Simona quickly tried to work out how much she knew. She decided probably all of it, and that it was best to be practical about the whole affair. The other woman might appreciate some home truths by way of explanation.

“Richie told me that he doesn’t think he should be with someone so lacking in glamour”, she said. “Because of his position, the other men judge every aspect of his life. Now, there’s not much glamour to go around in Chasteborough, as you know. But he said I had a ‘school gates’ version of it and that’s apparently better than nothing. You should have tarted yourself up more. That’s all it would have taken to keep him. You’re not bad looking, you know, and you have a nice enough figure.” Simona stopped and tried to puzzle something else out. “You can sleep with Stuart, if you want.”

“I tried,” Valerie replied.

Simona laughed and looked at the nightdress draped drying over the radiator. “Next time you try, ditch that entirely. Just go in with it all out and act the woman of the world. As it stands, that’s probably your best shot.”

Valerie slapped her as hard as she could. Simona didn’t like that and decided to make sure that the other woman didn’t try something so stupid again. She punched Valerie in her nose and smirked as the woman doubled back, a thin dribble of blood flowing over her lips.

“Don’t be so damned churlish”, Simona lectured her. “Life doesn’t even have to change that much. We could swap husbands for all it matters and have a better time of it that way. But don’t hit me, Valerie. I’m Chasteborough and you’re not. Remember that.”

“Life’s already changed, Simmy,” Valerie spluttered, for some reason lapsing back into the use of an old expression of affection. “Little Frankie’s gone. Did you forget? That should concern you more than Richie. You should be here with Stuart, not me.”

“I’m concerned, Val. I’m real concerned. I’m out looking. You two are hiding.”

“You’re camping. With my husband.”

“Let’s not get onto that again. There’s still a part of me thinks Frankie boy will turn up at that stone, despite what I said last time I was here. It just seems a matter of time. I gotta stick it out, even if I end up laying roots in that rotten place.” 

She kissed her old neighbour on the forehead and left. Valerie retired to the armchair and wept. 

The media began to lose interest as the fourth week since the disappearance progressed. By week five, they’d had enough. Developments were too few and the opinion piece writers had exhausted every avenue of attack and counter-attack on the story, the town, the people involved, the grisly new tourism trade, and the behaviour of the members of their own industry. Chasteborough’s spare rooms began to steadily empty and the media circus packed up and left behind patches of dead yellow grass in the parks where they’d hitched their wagons and staged their sideshows.

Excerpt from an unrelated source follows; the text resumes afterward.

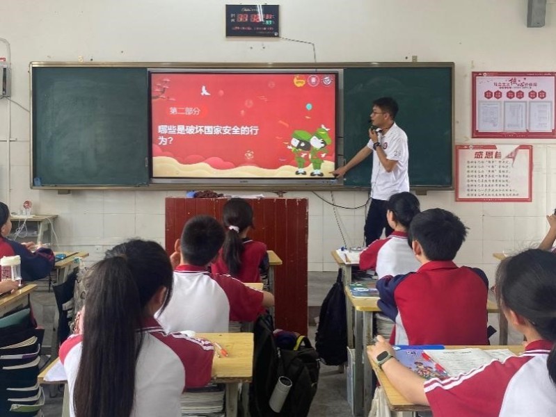 宣讲过程中,成员向学生讲解全民国家安全教育日的由来、国家安全的内涵,并结合实例对破坏国家安全的行为进行介绍,引导学生做筑牢国家安全的践行者和守护国家秘密的监督者,明确维护国家安全,人人可为。
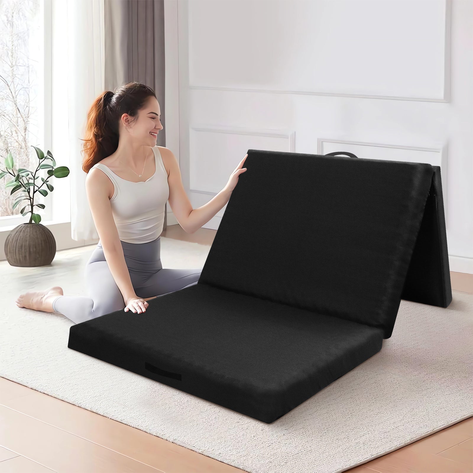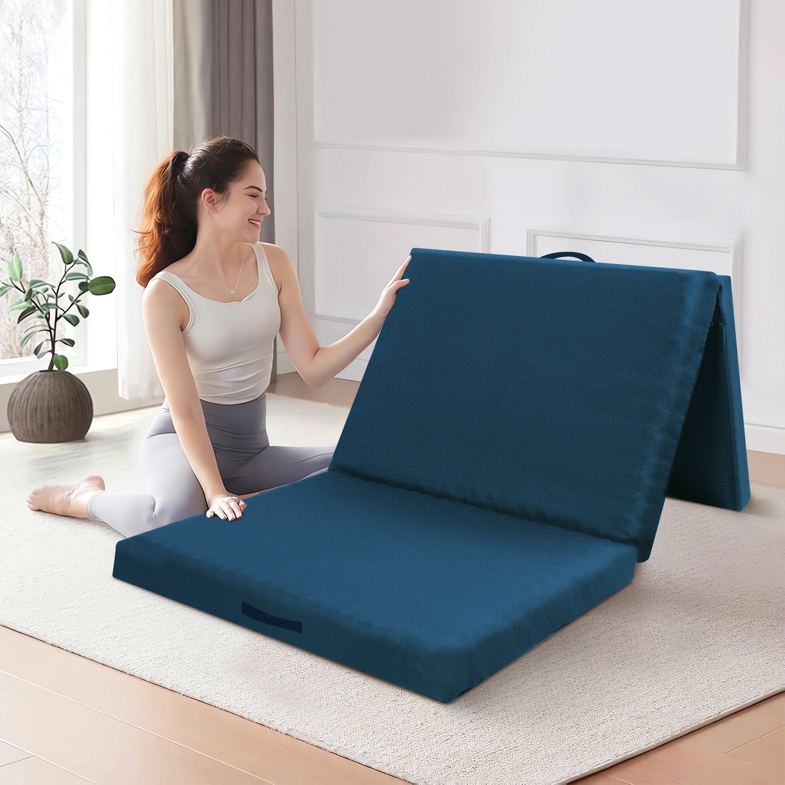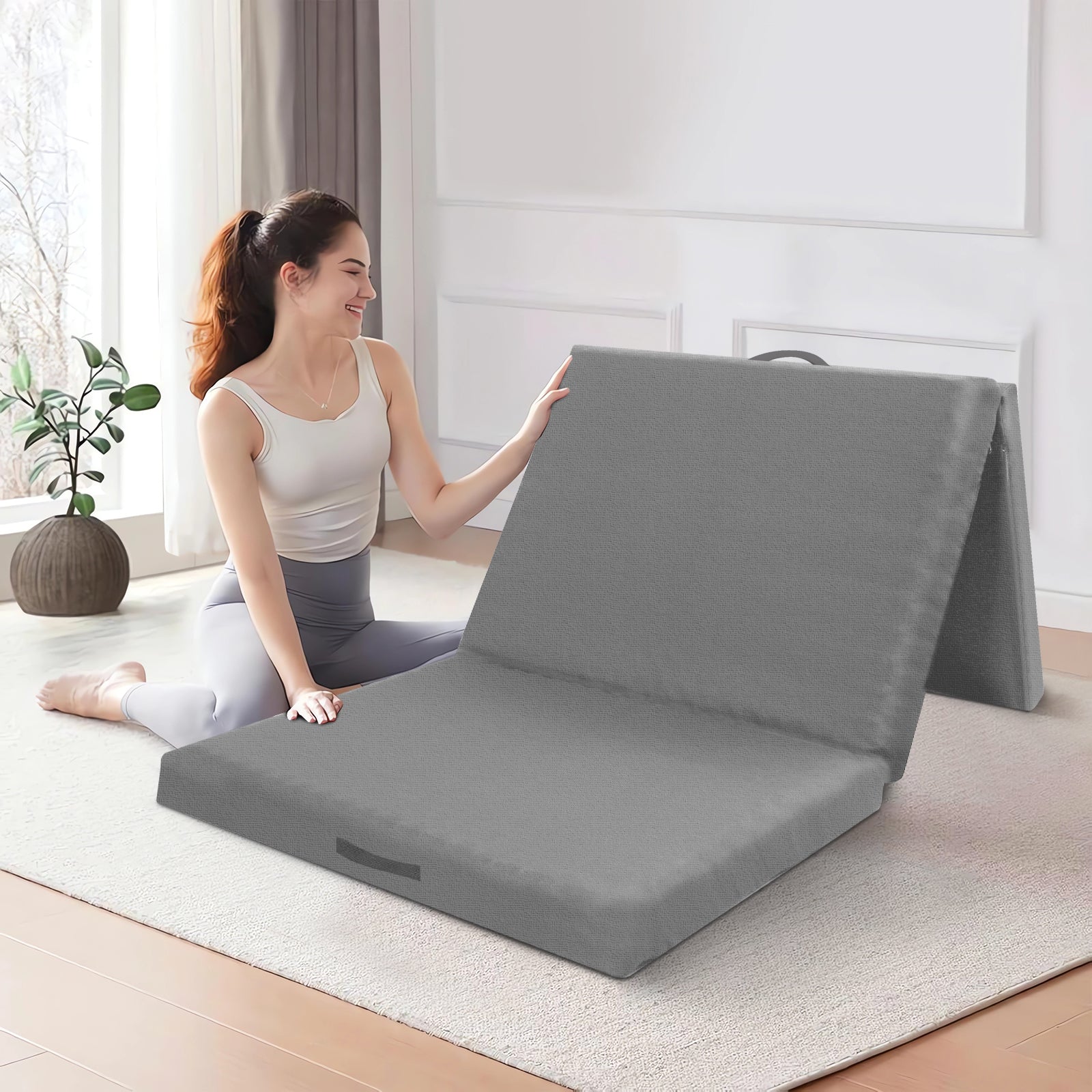 【三つ折りデザインで簡単収納と持ち運び】 このマットレスは、使わない時には簡単に三つ折りにしてコンパクトに収納できます。旅行やお客様用に便利で、収納スペースを節約できます。さらに、軽量設計なので、持ち運びも簡単です。広げるだけで即使用可能で、寝心地を損なうことなく快適に眠れます。また、取り外し可能なカバーは水洗い可能で、常に清潔な状態を保つことができます。

Simona Sharpend and Richie Clare stayed on the Nook and didn’t look likely to return anytime soon. Bob Willeford reported back to Valerie that he had seen her husband stocking up in town and that he looked like a different man. He had grown a long ginger beard and taken to wearing what appeared to be a frayed cowboy hat in order to shield his eyes from the spring sun. In addition, he must have shed about seven or eight pounds and looked as lean as a good steak. No longer was he the picture of modern English professional success, in his three-quarter length zip fleece, but now more like some grizzled mystical moonshiner.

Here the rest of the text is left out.